We have created a custom cloudnative-pg-cluster chart, allowing users to create a cluster from a very simple YAML values file, such as this one.
fullnameOverride: postgres-airflow-analytics
By default, each cluster will upload base backups and WALs to a dedicated S3 bucket, and performs a daily backup at midnight UTC.
Observability
Dashboard
All cloudnative-pg clusters are instrumented using Prometheus and can be observed via this Grafana dashboard.
Monitoring
Operations
Performing a manual backup
[1] On the deployment server, run the following commands.
brouberol@deploy1003:~$ cat <<EOF >manual-backup.yaml
apiVersion: postgresql.cnpg.io/v1
kind: Backup
metadata:
name: postgresql-test-on-demand-backup-$(date "+%Y%m%d%H%M%S")
spec:
method: barmanObjectStore
cluster:
name: postgresql-test
EOF
brouberol@deploy1003:/home/brouberol# kubectl create -f manual-backup.yaml -n postgresql-test
backup.postgresql.cnpg.io/postgresql-test-on-demand-backup-20240917141528 created
You can then check the state of the backup with kubectl.
brouberol@deploy1003:/home/brouberol# kubectl get backups -n postgresql-test --sort-by='{metadata.creationTimestamp}' --no-headers | tac
postgresql-test-on-demand-backup-20240917141528 72s postgresql-test barmanObjectStore completed
postgresql-test-daily-backup-20240917000000 14h postgresql-test barmanObjectStore completed
postgresql-test-daily-backup-20240916073251 30h postgresql-test barmanObjectStore completed
Restoring a backup by replaying all WAL files
[2] The easiest way to restore the latest archived state of a pre-existing database is to deploy it with the following values:
mode: recovery
recovery:
method: object_store
clusterName: postgresql-test
backups:
enabled: false
When deploying the cluster, this will start a full-recovery pod, that will replay all WAL files, after which the PG pods themselves will be deployed. After everything is deployed successfully, redeploy the cluster with all ^ these ^ values either removed or commented out. This will make sure to start the cluster in a normal mode and re-enable backups (and a backup will be immediately triggered for good measure).
Performing a Point In Time Recovery (PITR)

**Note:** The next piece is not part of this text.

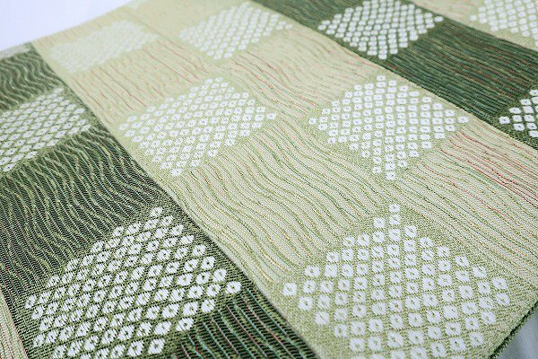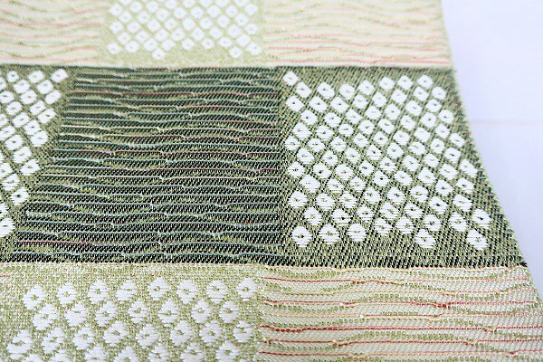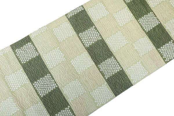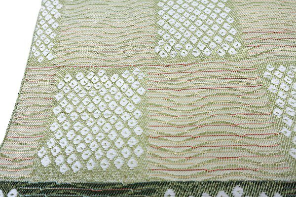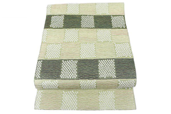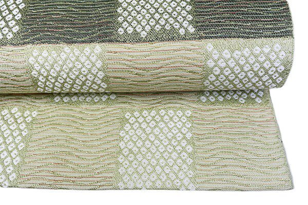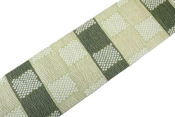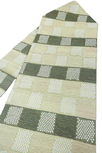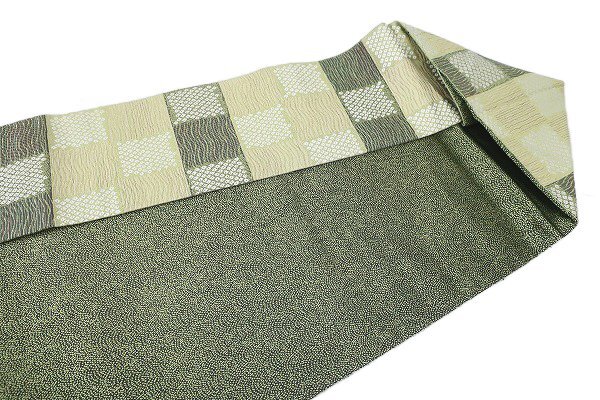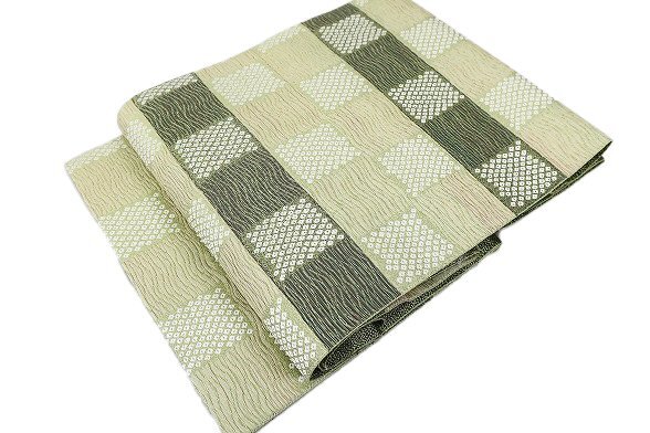 | 【送料無料】未使用品 名古屋帯 薄緑 市松 鹿の子 長さ3m77cm お洒落 カジュアル 正絹 仕立て上がり m-7189 |
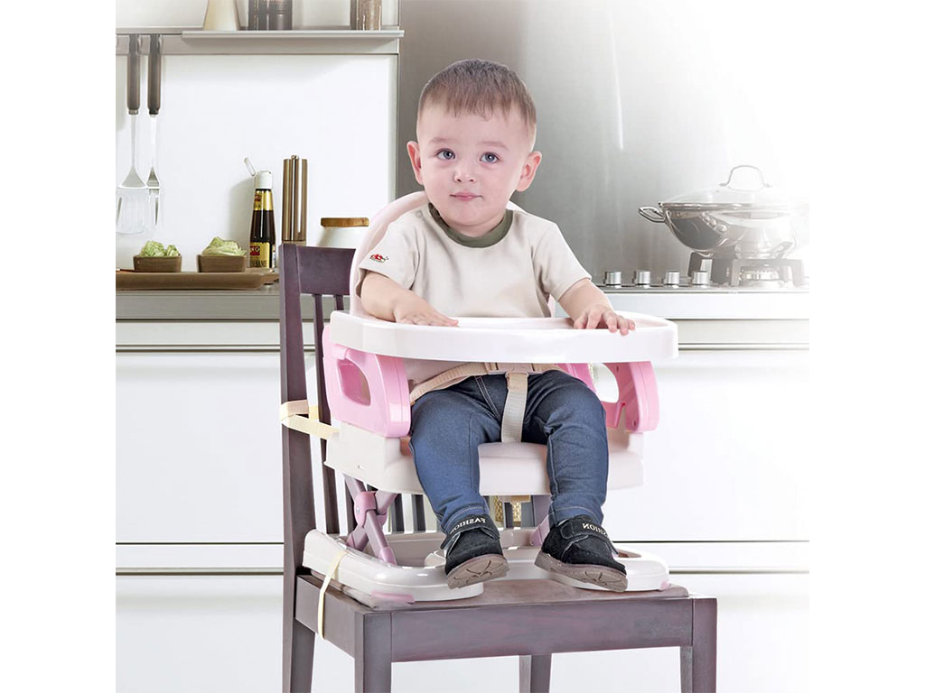 صندلی غذا پرتابل mastela مدل BOOSTER ماستلا قابل استفاده برای نوزادان 6 ماه تا 4 سال است و حداکثر وزن قابل تحمل آن تا 18 کیلوگرم می باشد

[2] A PITR allows you to restore the state as backed up at a certain point in time.
You can list the available base backups by descending dates by running
root@deploy1003:~# kubectl get backups -n postgresql-test --sort-by='{metadata.creationTimestamp}' --no-headers | tac
postgresql-test-daily-backup-20240917000000 13h postgresql-test barmanObjectStore completed
postgresql-test-daily-backup-20240916073251 30h postgresql-test barmanObjectStore completed
Say we'd like to restore postgresql-test-daily-backup-20240917000000
. To do this, first extract the creation timestamp of the backup resource:
root@deploy1003:~# kubectl get backups -n postgresql-test -o jsonpath='{.metadata.creationTimestamp}{"\n"}' postgresql-test-daily-backup-20240917000000
2024-09-17T00:00:00Z
You then need to convert this timestamp to another format, understood by the https://pgbarman.org/ tools, used to restore the backup.

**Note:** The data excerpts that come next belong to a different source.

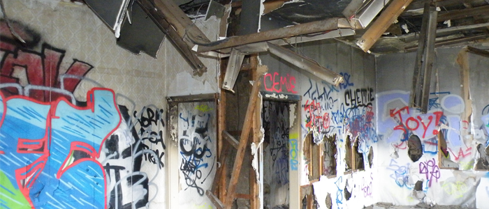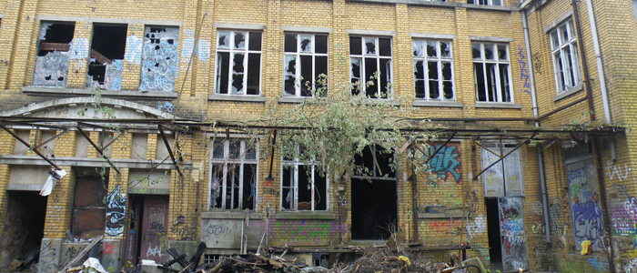 Gebäudeinnenaufnahme von zwei ehemaligen Fabrikgebäuden
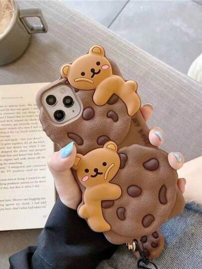 Cute Cartoon Cookie Teddy Bear With Lanyard Holder, Stripe Clothe Teddy, Teddy Bow, Birthday Hat, Tulip Teddy Phone Case Compatible With APPLE 13/14/11/12/16/15 Pro Max Waterproof Shockproof Anti-Fall Scratch Resistant - Multicolor - View 6
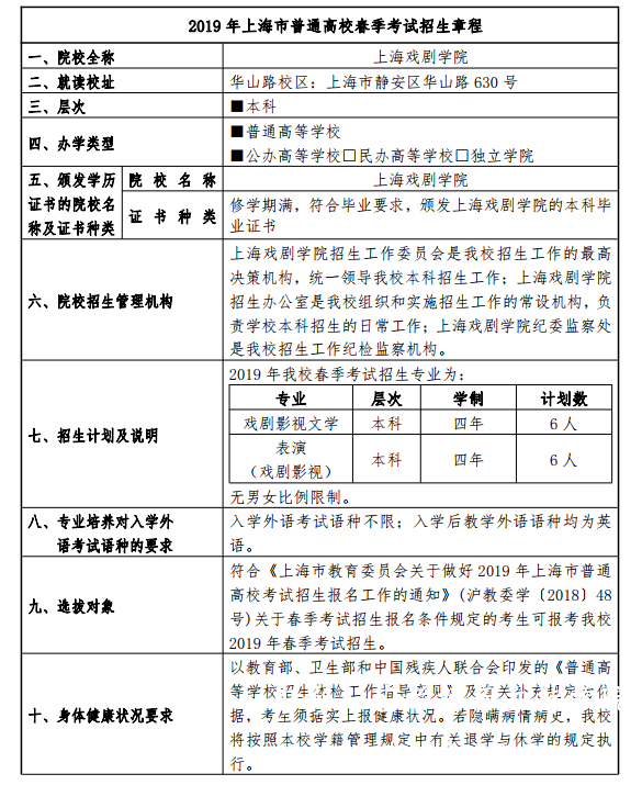今天小影来介绍一下2019上海市普通高校春季考试招生章程

$ python3 -c'import datetime as dt;print(dt.datetime.fromisoformat("2024-09-17T00:00:00Z").strftime("%Y-%m-%d %H:%M:%S.%f%z"))'
2024-09-17 00:00:00.000000+0000
You can then deploy the cluster with the following values:
mode: recovery
recovery:
method: object_store
clusterName: postgresql-test
recoveryTarget:
targetTime: "2024-09-17 00:00:00.000000+0000"
backups:
enabled: false
Once the cluster is deployed and running, redeploy it with all ^ these ^ values commented out or deleted. This will make sure to start the cluster in a normal mode and re-enable backups (and a backup will be immediately triggered for good measure).

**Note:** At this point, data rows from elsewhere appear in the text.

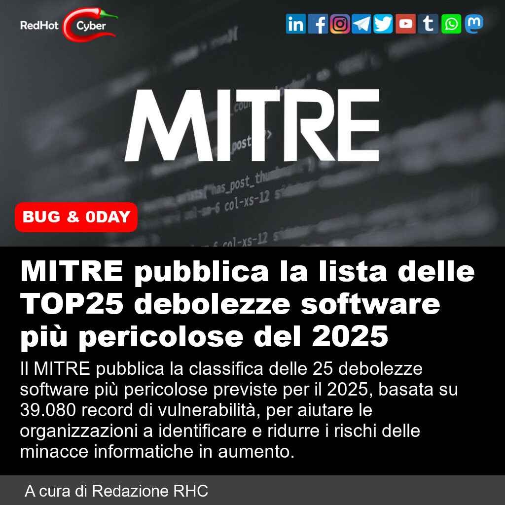 #redhotcyber #news #cybersecurity #vulnerabilitàsoftware #minacceinformatiche #sicurezzainformatica #MITRE
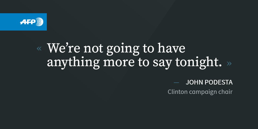Клинтон сказала, что она уважает и ценит мирный переход власти и  сообщила своим сторонникам, что они должны признать, что Трамп будет президентом. "Я надеюсь, он будет успешным президентом. Мне жаль, что мы не выиграли эти выборы. Но я чувствую гордость и благодарность за нашу кампанию", - сказала она.
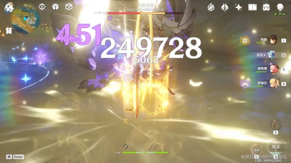 缺点:优菈平A第一段出刀墨迹的不行,并且卡肉造成的问题更加严重,操作不慎有可能连长E都来不及放,可以理解为1的弱化版,之后同类手法不做解释
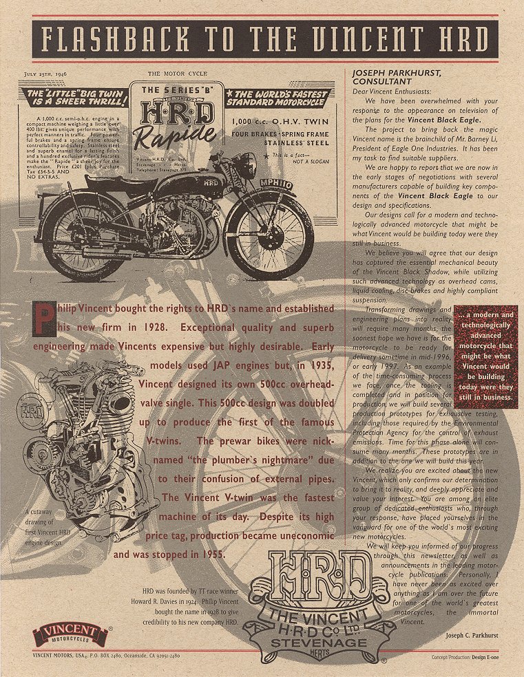 Mar 30, 1995... Bernard Li announce in this first flyer that he started his quest to make the Vincent V-Twin back to life.
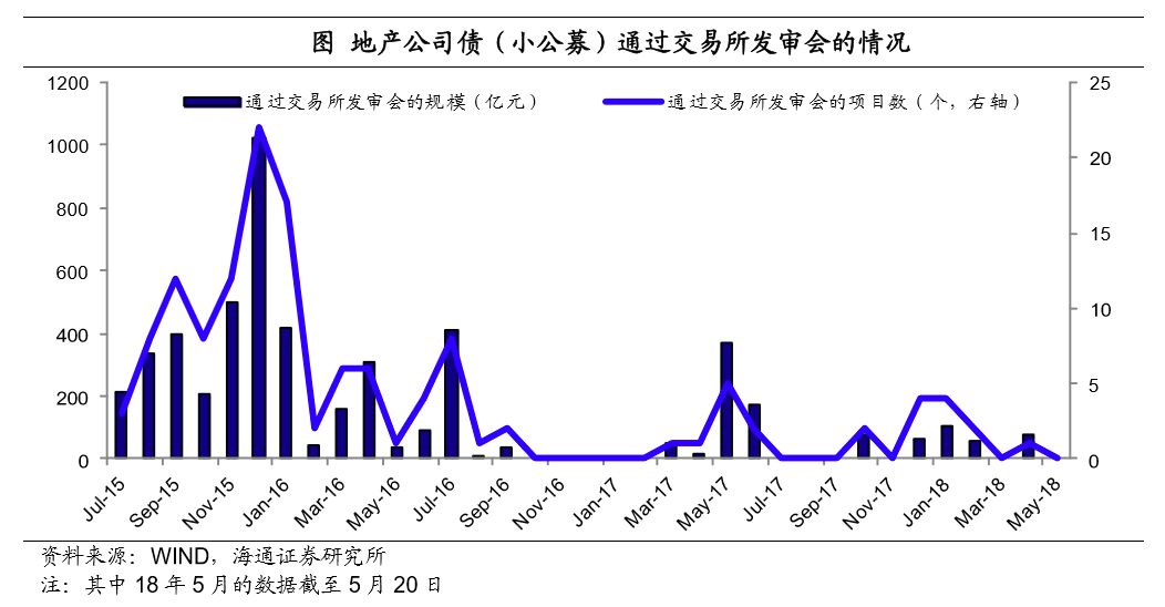 17年四季度以来地产公司债审批确实较前期加快。根据我们的统计,17年发出来的公司债,大部分是在16年9月之前拿到的发行批文,而17年四季度新批(16年9月之后获证监会批准发行)小公募的发行增多,18年以来发行的20只小公募中,除了华侨城的6只、大华集团和金地集团各1只外,均是2017年以后拿到的批文。
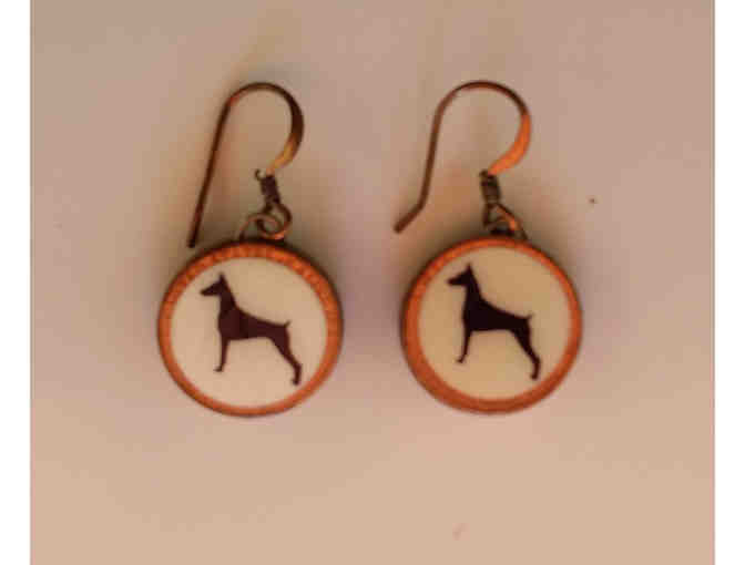 Rather unique Doberman earrings - copper, with white ceramic inserts with a profile of cropped & docked Doberman. The back of earring is a US Penny.
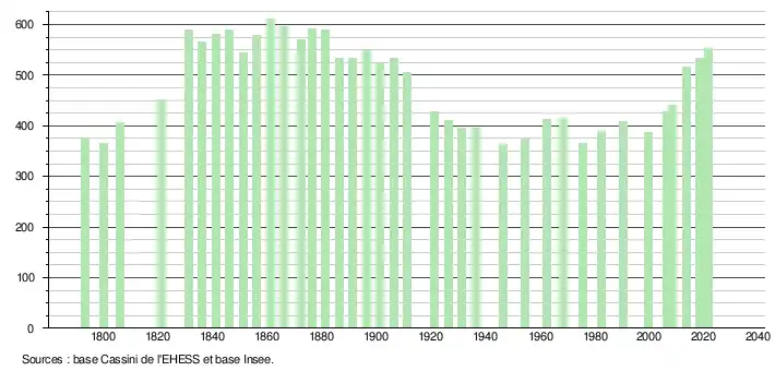 L'évolution du nombre d'habitants est connue à travers les recensements de la population effectués dans la commune depuis 1793. Pour les communes de moins de 10 000 habitants, une enquête de recensement portant sur toute la population est réalisée tous les cinq ans, les populations légales des années intermédiaires étant quant à elles estimées par interpolation ou extrapolation[17]. Pour la commune, le premier recensement exhaustif entrant dans le cadre du nouveau dispositif a été réalisé en 2008[18].
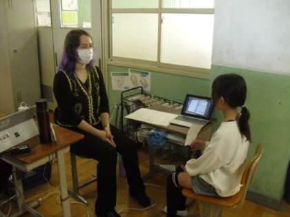 ALTとのパフォーマンスチャレンジを通じて、調べたことや学んだことを1対1で話す学習を行っていました。
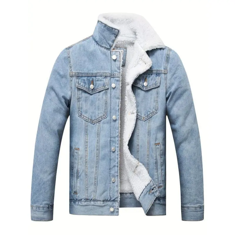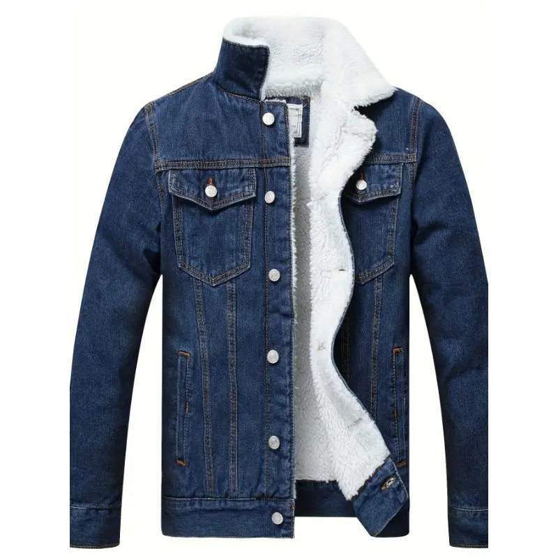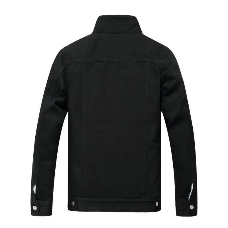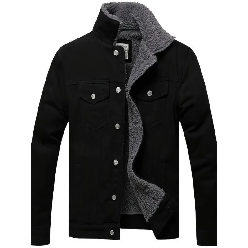Men's Vintage-Inspired Black Denim Jacket with Cozy Fleece Lining, Classic Design, Lapel Collar, Chest Pockets, Warm, Durable & Easy Care

Increasing the storage size of a cluster
[3] As we're storing the data on Ceph, we can resize the volume in which PG stores its data on the fly. To do this, simply adjust thecluster.storage.size
cluster configuration value.
Assuming the cluster was deployed with the following configuration
cluster:
storage:
size: 10Gi
then change it to
cluster:
storage:
size: 15Gi
and redeploy the cluster. The volumes should get automatically upsized within minutes.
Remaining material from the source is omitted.